In the records below, the relevant part opens with the line containing "以推广非遗文化淮阳泥泥狗为目" and closes with the line containing "повышает удобство эксплуатации."; print that part exactly and only, without its pictures.

Saved entries:

== Segment start ==

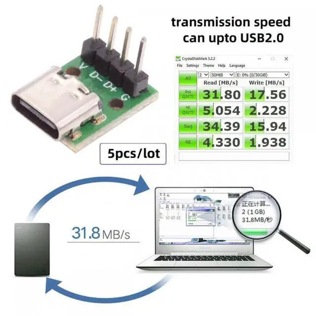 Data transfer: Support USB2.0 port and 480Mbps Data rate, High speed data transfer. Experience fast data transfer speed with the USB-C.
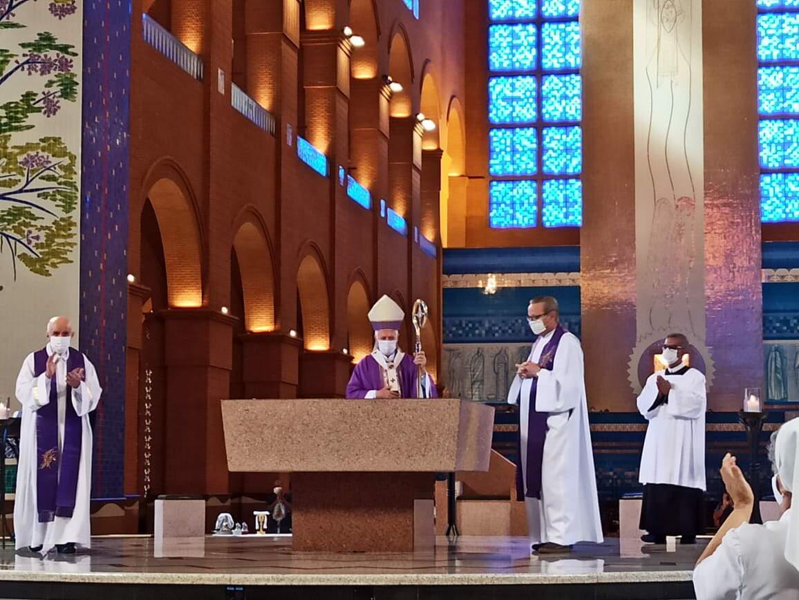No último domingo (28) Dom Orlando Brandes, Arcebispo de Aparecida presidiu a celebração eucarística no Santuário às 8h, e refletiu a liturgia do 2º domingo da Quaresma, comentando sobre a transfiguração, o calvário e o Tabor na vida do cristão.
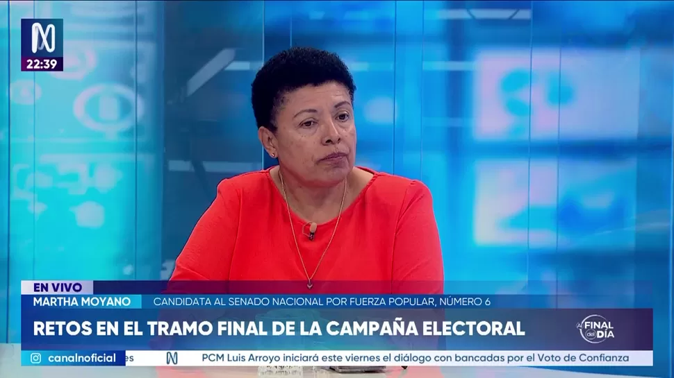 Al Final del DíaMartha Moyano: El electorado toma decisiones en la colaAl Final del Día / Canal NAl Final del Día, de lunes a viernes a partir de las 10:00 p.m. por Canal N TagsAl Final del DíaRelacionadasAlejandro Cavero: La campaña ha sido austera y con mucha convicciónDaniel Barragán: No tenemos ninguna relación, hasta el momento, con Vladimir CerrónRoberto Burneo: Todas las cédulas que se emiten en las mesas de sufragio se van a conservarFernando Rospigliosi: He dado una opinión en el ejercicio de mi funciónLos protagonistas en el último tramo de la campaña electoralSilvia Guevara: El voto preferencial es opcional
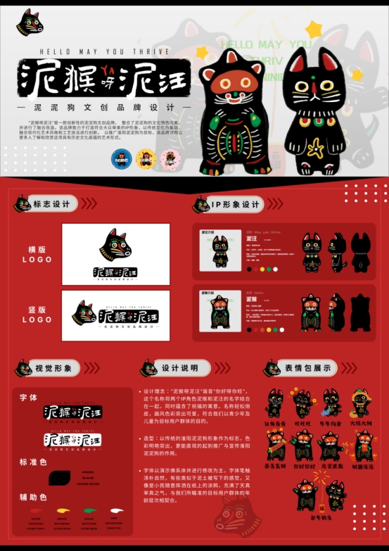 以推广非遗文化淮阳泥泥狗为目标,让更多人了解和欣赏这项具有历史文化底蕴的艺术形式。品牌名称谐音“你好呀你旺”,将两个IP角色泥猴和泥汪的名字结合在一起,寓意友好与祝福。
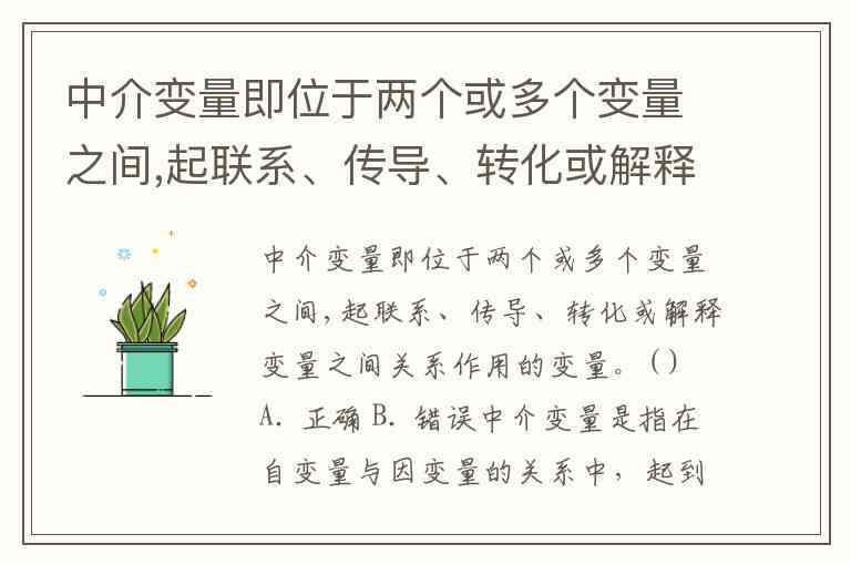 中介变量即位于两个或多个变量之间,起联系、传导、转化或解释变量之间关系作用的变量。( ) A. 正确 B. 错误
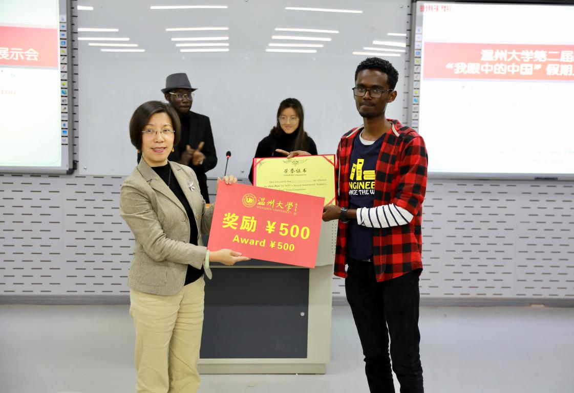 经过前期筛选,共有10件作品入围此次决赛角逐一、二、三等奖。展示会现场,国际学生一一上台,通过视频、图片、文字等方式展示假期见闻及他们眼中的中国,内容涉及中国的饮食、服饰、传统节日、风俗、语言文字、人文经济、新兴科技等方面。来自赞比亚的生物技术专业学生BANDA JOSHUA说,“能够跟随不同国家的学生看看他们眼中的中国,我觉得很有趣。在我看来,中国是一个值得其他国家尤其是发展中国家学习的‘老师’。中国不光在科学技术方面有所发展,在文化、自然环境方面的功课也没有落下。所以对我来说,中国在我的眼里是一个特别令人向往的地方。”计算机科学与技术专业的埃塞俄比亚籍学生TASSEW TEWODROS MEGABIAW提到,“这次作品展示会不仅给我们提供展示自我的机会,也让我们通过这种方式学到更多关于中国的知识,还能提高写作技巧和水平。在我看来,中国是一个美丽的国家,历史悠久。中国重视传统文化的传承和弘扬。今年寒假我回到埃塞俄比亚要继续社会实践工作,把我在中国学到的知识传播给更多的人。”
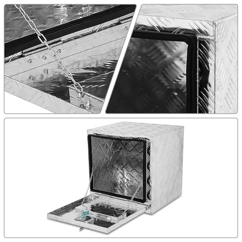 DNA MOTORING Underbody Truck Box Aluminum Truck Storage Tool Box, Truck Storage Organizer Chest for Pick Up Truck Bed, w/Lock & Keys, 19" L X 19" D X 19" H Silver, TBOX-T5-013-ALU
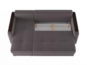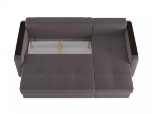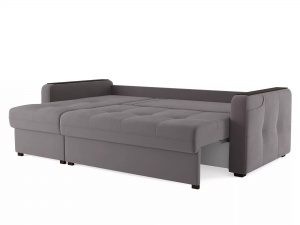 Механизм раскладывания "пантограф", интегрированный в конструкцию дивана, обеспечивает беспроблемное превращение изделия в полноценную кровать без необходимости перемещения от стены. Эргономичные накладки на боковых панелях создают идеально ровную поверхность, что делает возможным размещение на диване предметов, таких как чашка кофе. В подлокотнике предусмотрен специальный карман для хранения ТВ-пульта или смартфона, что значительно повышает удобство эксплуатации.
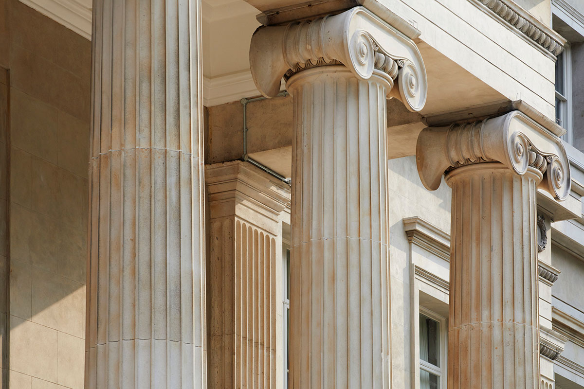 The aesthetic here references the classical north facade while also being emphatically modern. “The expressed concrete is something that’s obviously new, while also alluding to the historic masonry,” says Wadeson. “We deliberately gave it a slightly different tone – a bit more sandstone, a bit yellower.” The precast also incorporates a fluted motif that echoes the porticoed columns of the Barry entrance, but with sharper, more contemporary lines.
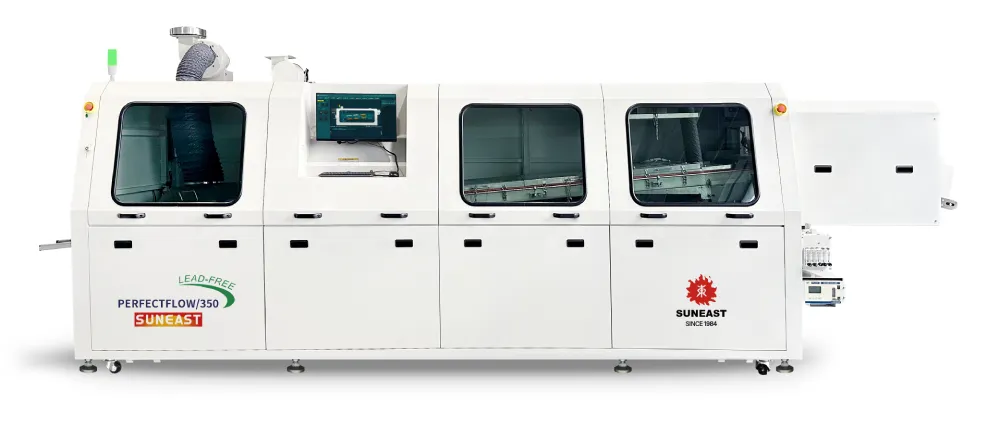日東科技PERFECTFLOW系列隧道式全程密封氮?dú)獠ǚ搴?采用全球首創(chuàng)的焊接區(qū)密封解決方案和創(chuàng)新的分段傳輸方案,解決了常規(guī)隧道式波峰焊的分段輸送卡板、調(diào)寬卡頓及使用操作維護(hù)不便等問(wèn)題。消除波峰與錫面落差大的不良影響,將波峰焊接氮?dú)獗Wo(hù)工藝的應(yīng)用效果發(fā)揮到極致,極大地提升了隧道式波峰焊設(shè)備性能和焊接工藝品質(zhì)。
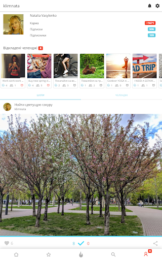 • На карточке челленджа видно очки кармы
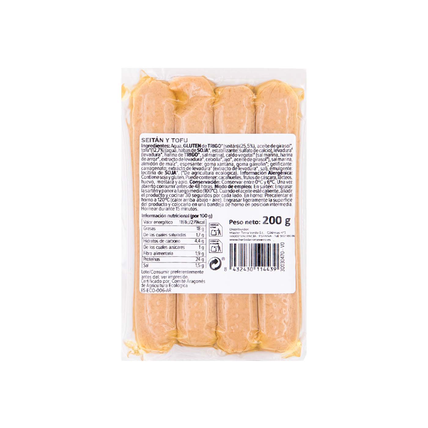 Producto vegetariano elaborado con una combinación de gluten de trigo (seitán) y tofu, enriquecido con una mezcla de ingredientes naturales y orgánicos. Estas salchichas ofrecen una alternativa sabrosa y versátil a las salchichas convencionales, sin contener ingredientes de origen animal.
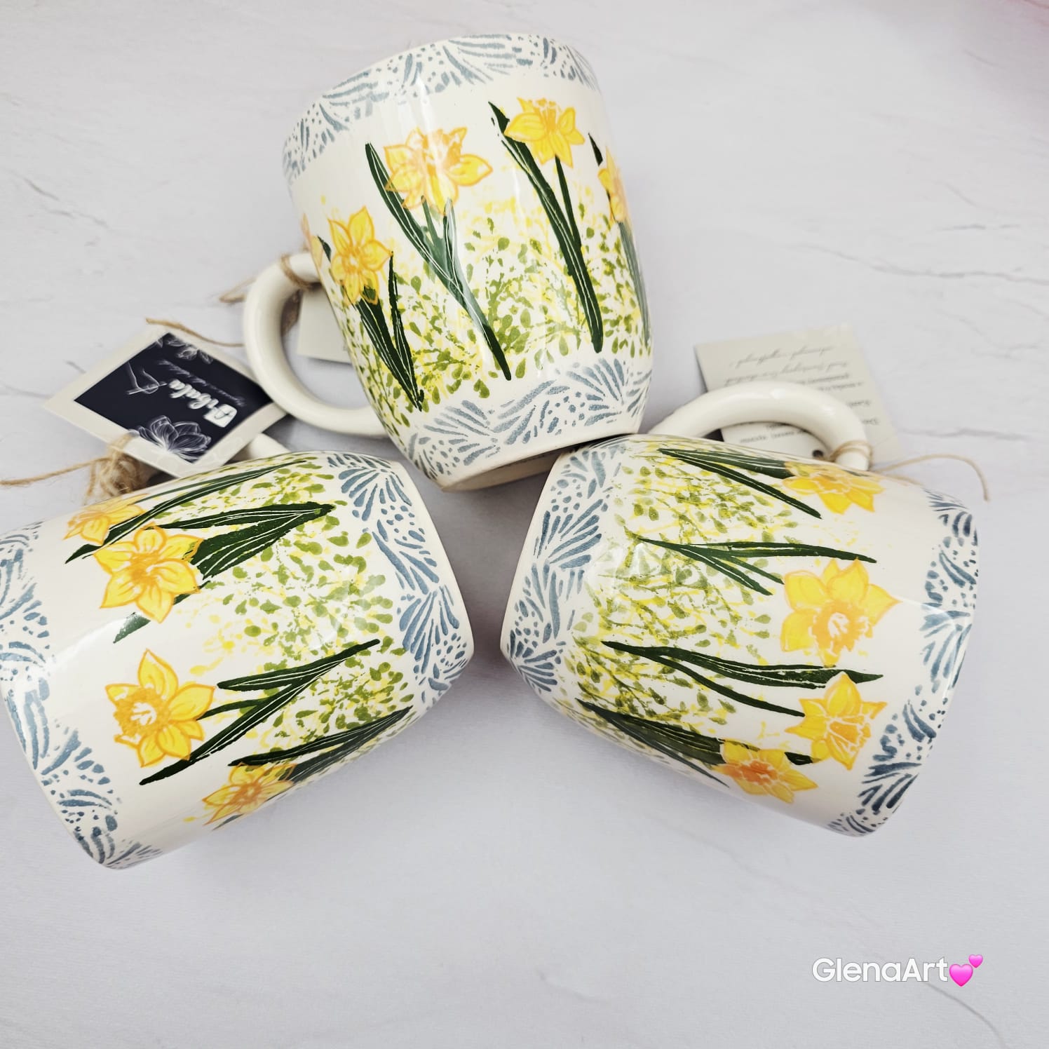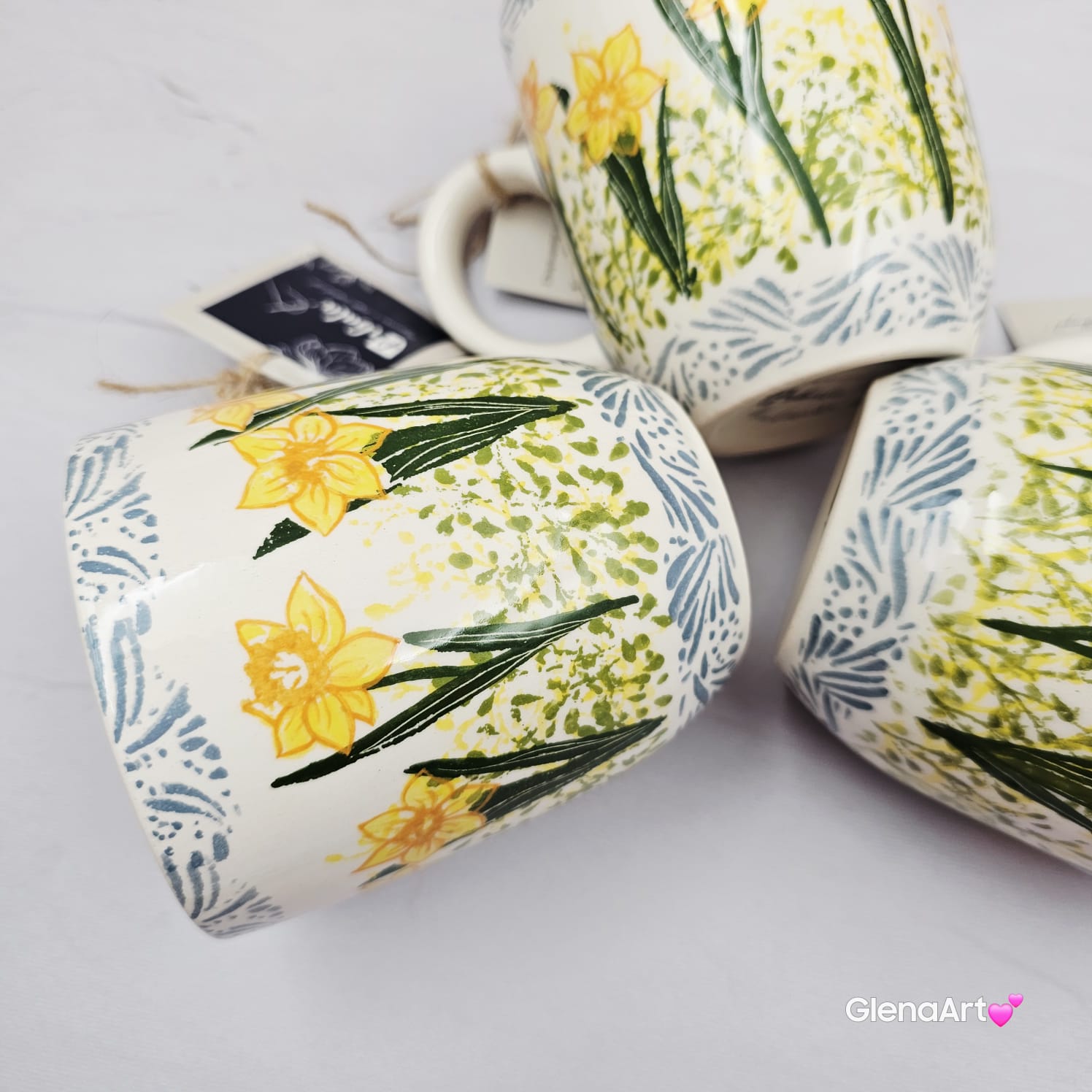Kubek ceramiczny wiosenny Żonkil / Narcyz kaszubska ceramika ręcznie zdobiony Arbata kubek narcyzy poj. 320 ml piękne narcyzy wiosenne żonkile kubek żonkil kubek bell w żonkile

== Segment end ==

* COMPLETED TASK *
 以推广非遗文化淮阳泥泥狗为目标,让更多人了解和欣赏这项具有历史文化底蕴的艺术形式。品牌名称谐音“你好呀你旺”,将两个IP角色泥猴和泥汪的名字结合在一起,寓意友好与祝福。
 中介变量即位于两个或多个变量之间,起联系、传导、转化或解释变量之间关系作用的变量。( ) A. 正确 B. 错误
 经过前期筛选,共有10件作品入围此次决赛角逐一、二、三等奖。展示会现场,国际学生一一上台,通过视频、图片、文字等方式展示假期见闻及他们眼中的中国,内容涉及中国的饮食、服饰、传统节日、风俗、语言文字、人文经济、新兴科技等方面。来自赞比亚的生物技术专业学生BANDA JOSHUA说,“能够跟随不同国家的学生看看他们眼中的中国,我觉得很有趣。在我看来,中国是一个值得其他国家尤其是发展中国家学习的‘老师’。中国不光在科学技术方面有所发展,在文化、自然环境方面的功课也没有落下。所以对我来说,中国在我的眼里是一个特别令人向往的地方。”计算机科学与技术专业的埃塞俄比亚籍学生TASSEW TEWODROS MEGABIAW提到,“这次作品展示会不仅给我们提供展示自我的机会,也让我们通过这种方式学到更多关于中国的知识,还能提高写作技巧和水平。在我看来,中国是一个美丽的国家,历史悠久。中国重视传统文化的传承和弘扬。今年寒假我回到埃塞俄比亚要继续社会实践工作,把我在中国学到的知识传播给更多的人。”
 DNA MOTORING Underbody Truck Box Aluminum Truck Storage Tool Box, Truck Storage Organizer Chest for Pick Up Truck Bed, w/Lock & Keys, 19" L X 19" D X 19" H Silver, TBOX-T5-013-ALU
 Механизм раскладывания "пантограф", интегрированный в конструкцию дивана, обеспечивает беспроблемное превращение изделия в полноценную кровать без необходимости перемещения от стены. Эргономичные накладки на боковых панелях создают идеально ровную поверхность, что делает возможным размещение на диване предметов, таких как чашка кофе. В подлокотнике предусмотрен специальный карман для хранения ТВ-пульта или смартфона, что значительно повышает удобство эксплуатации.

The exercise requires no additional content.